In science education, on a policy level, inquiry has been attributed great promise as an instructional approach. It has been identified as a ‘key-approach’ to primary science education (Harlen, 2009; Lena, 2009), and recommended as the 'renewed pedagogy for the future of Europe' (European commission, 2007). Today, inquiry is found in curricula world-wide (Beeth et al., 2003). As educational practices, IBSE practices are inherently hybrid: products, ideas and methods of science are transformed into educational content and classroom tasks (Andrée, 2007). The aims of inquiry based science education (IBSE) are, multi-facetted involving IBSE as a method for a) making science more interesting, b) illustrating scientific concepts and c) learning about inquiry as a way of doing science. From previous studies of inquiry and practical work in science education at various levels, we know that students' work in classrooms/school laboratories cannot be equated with the work of scientists even when students follow what appears to be similar procedure (e.g. Wickman & Östman, 2002). Studies specifically focusing on learning about inquiry show that an explicit focus on teaching about the characteristics of scientific inquiry is unusual (Lager-Nyqvist, 2003; Gyllenpalm, 2010). Also, teachers do not regard learning about inquiry as equally important as traditional science subject matter (Lederman, 2007). In addition to this, teachers have rarely experienced authentic inquiry themselves (Windshitl, 2002).

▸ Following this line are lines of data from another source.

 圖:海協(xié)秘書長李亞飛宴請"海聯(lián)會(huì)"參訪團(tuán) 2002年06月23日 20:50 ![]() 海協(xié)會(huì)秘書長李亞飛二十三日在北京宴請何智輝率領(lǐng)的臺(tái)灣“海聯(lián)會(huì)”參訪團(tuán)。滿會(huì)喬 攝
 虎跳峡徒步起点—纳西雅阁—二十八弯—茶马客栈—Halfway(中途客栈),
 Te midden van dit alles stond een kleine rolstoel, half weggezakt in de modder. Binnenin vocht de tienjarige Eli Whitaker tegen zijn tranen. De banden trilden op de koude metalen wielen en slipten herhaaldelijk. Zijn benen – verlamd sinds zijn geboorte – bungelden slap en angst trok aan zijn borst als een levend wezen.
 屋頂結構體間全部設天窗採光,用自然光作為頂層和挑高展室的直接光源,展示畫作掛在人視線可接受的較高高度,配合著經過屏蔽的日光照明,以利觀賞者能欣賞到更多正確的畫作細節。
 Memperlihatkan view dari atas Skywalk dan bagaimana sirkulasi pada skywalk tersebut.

Developing an inquiry literacy involves appropriation of a particular social language for critically analysing, evaluating and judging scientific investigations and conclusions (cf. Lemke, 1993). A challenge in a Cultural-Historical Activity Theory (CHAT) perspective (cf. Engeström, 2001; Leontiev, 1986; Roth, Lee & Hsu, 2009) becomes to engage students in an activity that allows them to make use of relevant intellectual tools for discussing scientific investigations. This also relates to the issue of authenticity and how to create some resemblance between what students do in school science and what happens in science laboratories (Roth, Eijck, Reis & Hsu, 2008).

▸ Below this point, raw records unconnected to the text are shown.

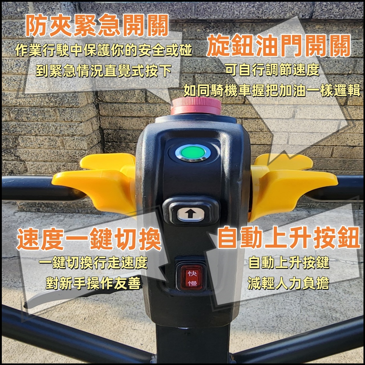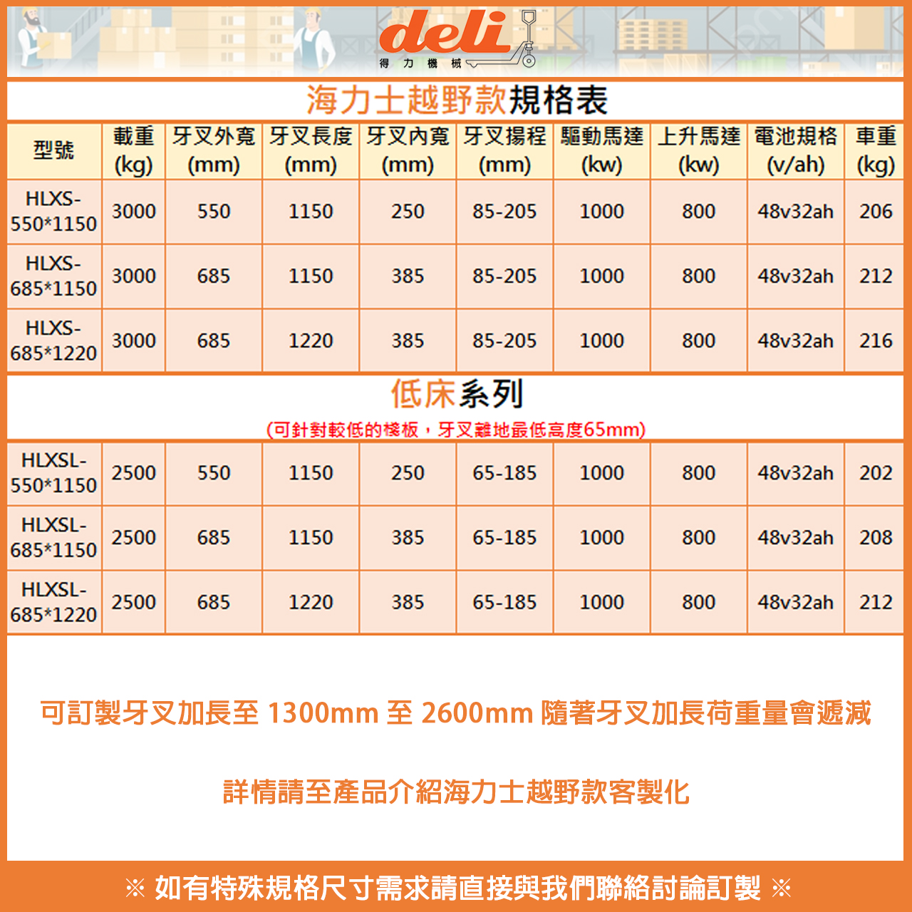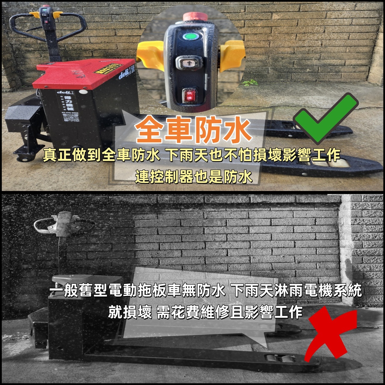 承載重量3頓 重型耐磨越野實芯輪胎全車防水 48V32AH 永磁無刷馬達.配有1000W大扭力驅動.爬坡強.載重更有力。 專利設計全密封齒輪傳動.不易浸水.又防塵.內部傳動齒輪壽命更長.穩定可靠。 驅動電機1000w 起升電機800w 滿電滿載連續使用4-4.5小時
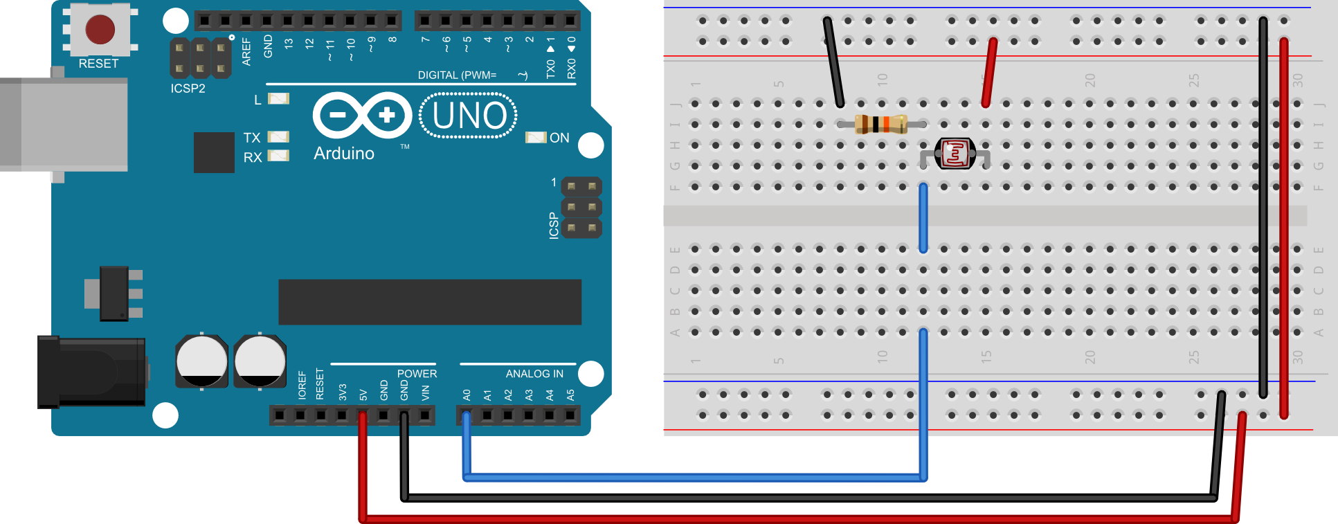 Na analogni izvod mikrokontrolera spojite fotootpornik u spoju naponskog djelila. Napišite program koji će serijskim putem na računalo svakih 100 milisekundi slati očitanje stanja analognog izvoda na koji je spojen fotootpornik. Izložite fotootpornik različitoj količini svjetlosti (zaklonite svjetlost rukom) i pogledajte dobivena mjerenja na računalu.
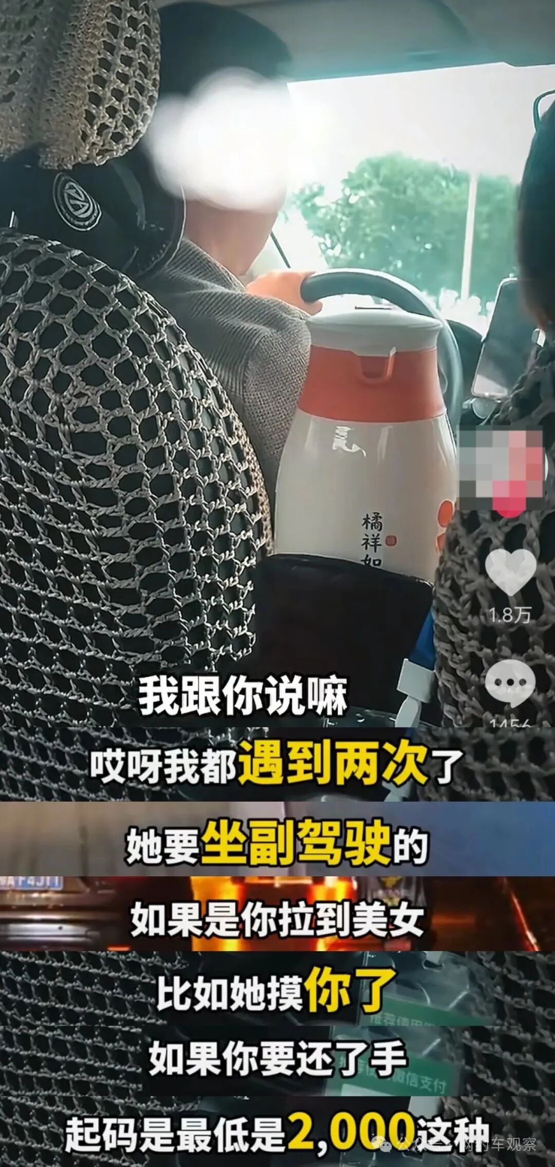 老司机一看就知道这是人家精心设计的“杀猪盘”,一旦自己把持不住答应了,过来的可能不是“两个很漂亮的闺蜜”,而是彪形大汉敲诈勒索了。除了这种还没上车就开始行骗的,还有上了车之后对司机动手动脚的。

The study was conducted as a participant-oriented action research study in collaboration with two teachers teaching science in primary school, grades 1-2 and 3, in one Swedish compulsory school over one school-year. This implies studying educational practice with a view to improving the quality of action within it (cf. Elliot, 1991). Data was collected throughout the school-year by using audio- and video recordings of collaborative teacher-researcher meetings, classroom work and collecting artifacts (e.g. work-plans, lesson plans, and student work). Data also include field-notes from informal meetings. Data is analyzed in terms of how students’ incorporate a language of inquiry in activity. The analytical framework used is Cultural-Historical Activity Theory (cf. Engeström, 2001; Leontiev, 1986; Roth, Lee & Hsu, 2009) in combination with Bakhtin’s (1986) notion of speech genres.

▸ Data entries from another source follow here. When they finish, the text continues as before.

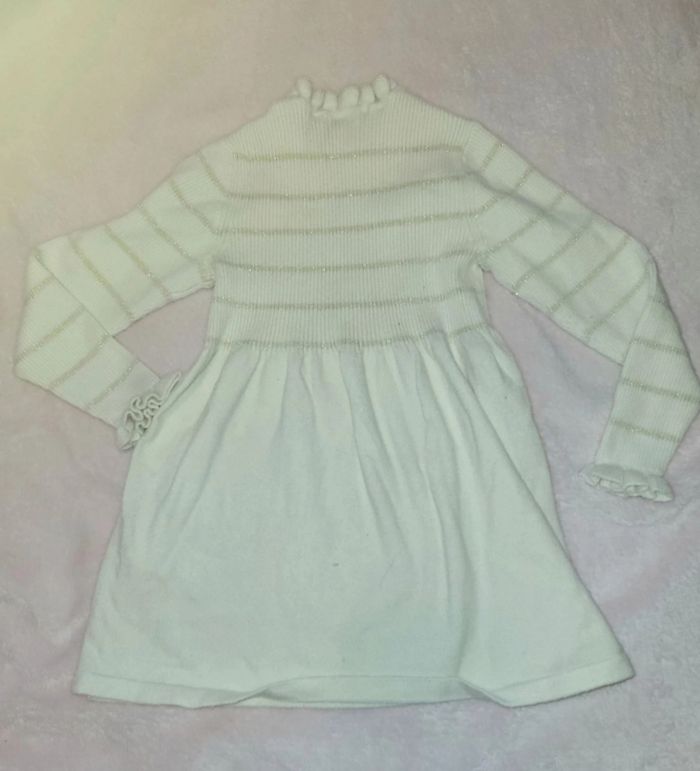 Robe en maille Robe courte Manches longue Blanche à rayures doré Taille 4 ans (98-107cm) Un peu délavé mais reste en très bon état ( pas de tâches pas de trous)
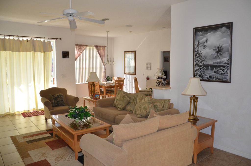 This beautiful 4 bed, 3 bath home. The home is located on the Highlands Reserve sub division which has its own golf course and club house.Located off Highway 27 near the intersection with I-4 this is a great location for the major theme parks and convenient links to the beach. All well known shopping mall's are in close proximity. Just next to the sub division is a shopping area that includes a major supermarket along with various restaurants and bars, so there's no need to venture too far away if you don't want to!The deck benefits from the sun for most of the day. This quiet, extended deck provides a perfect space to relax after busy days at the theme parks, on the golf course or at the many shopping centers. The home has a fully equipped kitchen that includes cooker, fridge freezer, dishwasher, microwave, washer and dryer. All kitchen utensils, crockery, cutlery and pots and pans are included. The kitchen leads into the dining area which overlooks the pool and golf course. The large, tiled living room with cathedral ceilings provides a relaxing space in which to enjoy the large flat screen TV. The home benefits from free long distance calls and WiFi. The master bedroom has a Queen size bed and features a huge en suite bathroom with shower and separate bath. The second bedroom has a Queen size bed, with the third and fourth bedroom having 2 Twin beds in each. The family bathroom, located between these two bedrooms has a large shower and modern basin. We hope you will enjoy a relaxing stay at our home away from home!
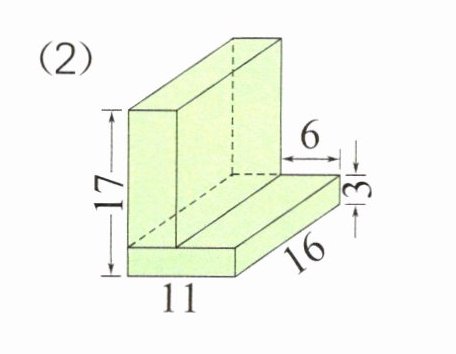 (2)宽:$11-6=5$(厘米) 高:$17-3=14$(厘米) $16×14×5+16×11×3=$ 1648(立方厘米)

The initial experiences of collaborating researchers and teachers was that it is difficult to design teaching practices that allow students to engage in open-ended inquiry sharing some resemblance to what happens in science laboratories in terms of the levels of control the students have over their conditions of work. For example, when grade 1 students were given a task to collect and investigate mosses in a nearby forest, the teacher by habit assembled the collected mosses from the students without record of whom had collected what mosses, in view that the class would share the mosses equally the following science lesson. As a consequence, the students were deprived of their own unique collection and lost the context for gathering their mosses. In the next step of inquiry students could not relate to the different milieus of the mosses. In order to push toward more authentic inquiry, researchers and teachers have discussed how to further control over inquiry to the students without loosing the objective of developing students abilities to talk about inquiry work. Further detailed analyses will focus on how students in grades 2 and 3 incorporate a language of inquiry when investigating water phase transitions.